Blog 7 Humans and AI Should You Disclose Background V1.0

Humans and AI: Should You Disclose When You Are Using AI?

July 13, 2021
· 6 min read

Which option is better: call centers staffed by humans or chatbots? On the one hand, large enterprises complain that it costs too much money to answer the hundreds of thousands of calls they receive each month. On the other hand, customers are frustrated when chatbots don’t know how to solve their problems.

The answer isn’t as simple as choosing between humans or a chatbot. Behavioral science shows us that the optimal solution is a carefully selected combination of both, with a few clever human-centric design hacks along the way.

Humans and AI - DataRobot Blog

Creating a Great Chatbot Customer Experience Is Difficult

Customer experience is the new marketing battleground. One survey on the role of marketing found that 89 percent of companies expect to compete mostly on the basis of customer experience, up significantly from 36 percent just four years ago. Less than half of those surveyed believed their customer experience capabilities were superior to those of their peers.

Perhaps the biggest challenge to moving customer experience to chatbots is that 86 percent of consumers prefer humans. And businesses might be underestimating the challenge. Research by NICE inContact shows that businesses tend to underestimate customers’ satisfaction with human-assisted methods of customer service and overestimate satisfaction when it comes to self-service methods like chatbots.

Even big tech companies, with massive resources at their disposal, can fail the chatbot challenge. During its Build 2016 conference in late March 2016, Microsoft CEO Satya Nadella described chatbots as “conversations as a platform,” and the “third runtime.” Nadella was saying that chatbots were as important to humanity as the operating system or the web browser. Just weeks later, at its April 2016 developer conference, Facebook unveiled a bot API for its Messenger messaging app. But after only ten months, when its AI bots hit a 70 percent failure rate, Facebook scaled back its ambitions and focused its efforts elsewhere. Despite the hype, their chatbots could only fulfill about 30 percent of requests without the intervention and assistance of human agents.

Beware the hype. The current generation of AI has narrow intelligence. It can be trained to perform single tasks within well-defined boundaries, but it doesn’t have common sense, general knowledge, or the out-of-the-box thinking ability to solve problems.

Chatbot Success in Sales

Don’t despair because it’s challenging to get chatbots right. When used strategically, chatbots can perform as well as, or even better than, humans.

In the recently published paper “Machines vs. Humans: The Impact of Artificial Intelligence Chatbot Disclosure on Customer Purchases,” researchers presented the results of field experiment data on more than 6,200 customers who received highly structured outbound sales calls from either chatbots or human workers. In the cases where the customer was unaware that they were interacting with a chatbot, the chatbots were just as effective as experienced human workers and four times more effective than inexperienced salespeople. 

It wasn’t all good news, however. When customers were informed before the conversation that the chatbot wasn’t human, the sales effectiveness of the chatbot dropped by almost 80 percent. The researchers also observed that those customers became curt and purchased less, because they perceived the bot as less knowledgeable and less empathetic.

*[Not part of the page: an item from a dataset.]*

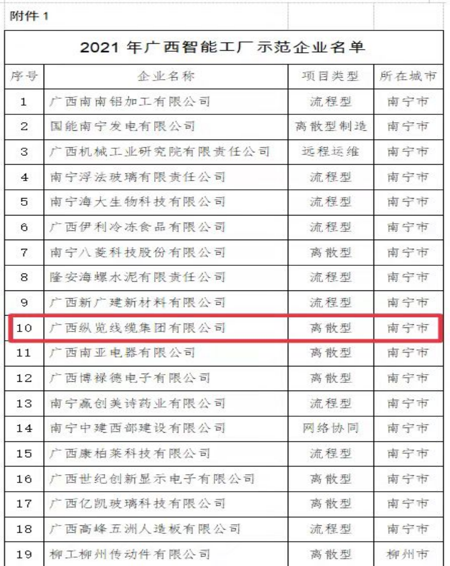 12月3日,自治區(qū)工業(yè)和信息化廳發(fā)布了關(guān)于公布2021年廣西智能工廠示范企業(yè)和數(shù)字化車(chē)間名單的通知,我集團(tuán)成功入選2021年廣西智能工廠示范企業(yè)名單,獲得“廣西智能工廠示范企業(yè)”榮譽(yù)稱(chēng)號(hào)。標(biāo)志著縱覽線纜集團(tuán)生產(chǎn)制造、產(chǎn)品質(zhì)量把控能力和水平邁上一個(gè)新的臺(tái)階,市場(chǎng)競(jìng)爭(zhēng)力進(jìn)一步增強(qiáng)。 |

Now that the blocker to chatbot sales success had been identified, the researchers searched for a remedy. By delaying the timing of the disclosure of the chatbot, the researchers found that they could mitigate the negative effects on sales effectiveness, especially when customers had positive AI experiences before this encounter. 

The way you design your customers’ chatbot experiences will significantly affect the outcome.

When Customers Want a Human

Sometimes your customers really need a human. Sometimes they just prefer a human. And sometimes they prefer automation. Studies show that customers prefer automated solutions when a product is a commodity, such as electricity or books, or when the process is transactional or creates friction in the customer experience, such as filling out paperwork. On the other hand, customers seek human service when they are emotional, especially when they are confused or anxious.

An anxious customer is less engaged, less satisfied, and has less trust in the decisions being made by a business. In “Mitigating the Negative Effects of Customer Anxiety through Access to Human Contact,” the researchers report the results of experiments about how customers using self-service technologies responded to scenarios that caused anxiety, with and without access to human advice.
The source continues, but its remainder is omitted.